Assigned task — Go to the line with "เมื่อคุณรู้จัก Features และ" in the entries below and write out every line from there through the line with "I used a quilted", exactly and without pictures.

Task data —
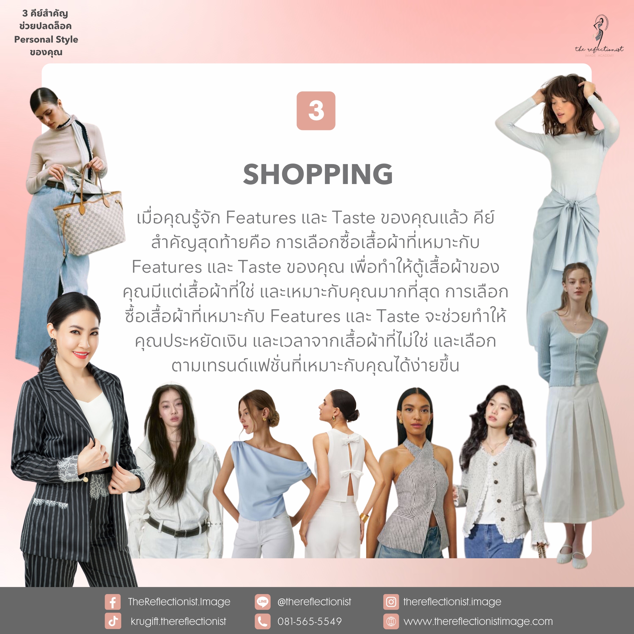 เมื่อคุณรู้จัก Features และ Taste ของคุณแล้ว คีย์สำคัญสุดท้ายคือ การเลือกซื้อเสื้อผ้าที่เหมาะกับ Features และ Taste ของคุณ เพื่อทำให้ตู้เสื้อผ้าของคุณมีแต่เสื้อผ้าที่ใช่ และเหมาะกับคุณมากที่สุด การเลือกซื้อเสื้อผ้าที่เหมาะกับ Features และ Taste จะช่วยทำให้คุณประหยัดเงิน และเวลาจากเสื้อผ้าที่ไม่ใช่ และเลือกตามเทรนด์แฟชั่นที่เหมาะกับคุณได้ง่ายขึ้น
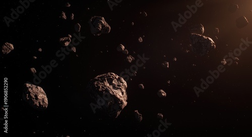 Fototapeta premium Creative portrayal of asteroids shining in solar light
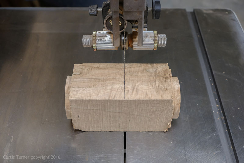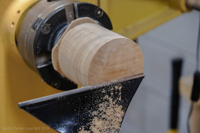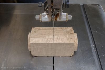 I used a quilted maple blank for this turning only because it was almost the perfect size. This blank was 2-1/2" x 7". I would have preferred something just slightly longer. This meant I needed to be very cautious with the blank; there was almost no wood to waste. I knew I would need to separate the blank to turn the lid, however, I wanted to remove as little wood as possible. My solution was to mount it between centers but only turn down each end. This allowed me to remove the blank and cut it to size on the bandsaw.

* * *

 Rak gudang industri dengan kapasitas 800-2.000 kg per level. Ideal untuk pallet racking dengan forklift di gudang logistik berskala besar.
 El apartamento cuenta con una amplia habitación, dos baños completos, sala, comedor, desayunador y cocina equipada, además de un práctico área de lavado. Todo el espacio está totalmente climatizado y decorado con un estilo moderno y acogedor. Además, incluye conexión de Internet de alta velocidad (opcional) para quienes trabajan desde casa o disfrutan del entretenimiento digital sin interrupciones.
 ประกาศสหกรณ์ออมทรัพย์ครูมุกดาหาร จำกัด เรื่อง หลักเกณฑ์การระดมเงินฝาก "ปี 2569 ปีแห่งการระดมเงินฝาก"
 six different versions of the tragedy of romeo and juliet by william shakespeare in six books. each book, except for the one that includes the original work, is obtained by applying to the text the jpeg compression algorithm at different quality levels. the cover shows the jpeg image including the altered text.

Output of the exercise —
 เมื่อคุณรู้จัก Features และ Taste ของคุณแล้ว คีย์สำคัญสุดท้ายคือ การเลือกซื้อเสื้อผ้าที่เหมาะกับ Features และ Taste ของคุณ เพื่อทำให้ตู้เสื้อผ้าของคุณมีแต่เสื้อผ้าที่ใช่ และเหมาะกับคุณมากที่สุด การเลือกซื้อเสื้อผ้าที่เหมาะกับ Features และ Taste จะช่วยทำให้คุณประหยัดเงิน และเวลาจากเสื้อผ้าที่ไม่ใช่ และเลือกตามเทรนด์แฟชั่นที่เหมาะกับคุณได้ง่ายขึ้น
 Fototapeta premium Creative portrayal of asteroids shining in solar light
 I used a quilted maple blank for this turning only because it was almost the perfect size. This blank was 2-1/2" x 7". I would have preferred something just slightly longer. This meant I needed to be very cautious with the blank; there was almost no wood to waste. I knew I would need to separate the blank to turn the lid, however, I wanted to remove as little wood as possible. My solution was to mount it between centers but only turn down each end. This allowed me to remove the blank and cut it to size on the bandsaw.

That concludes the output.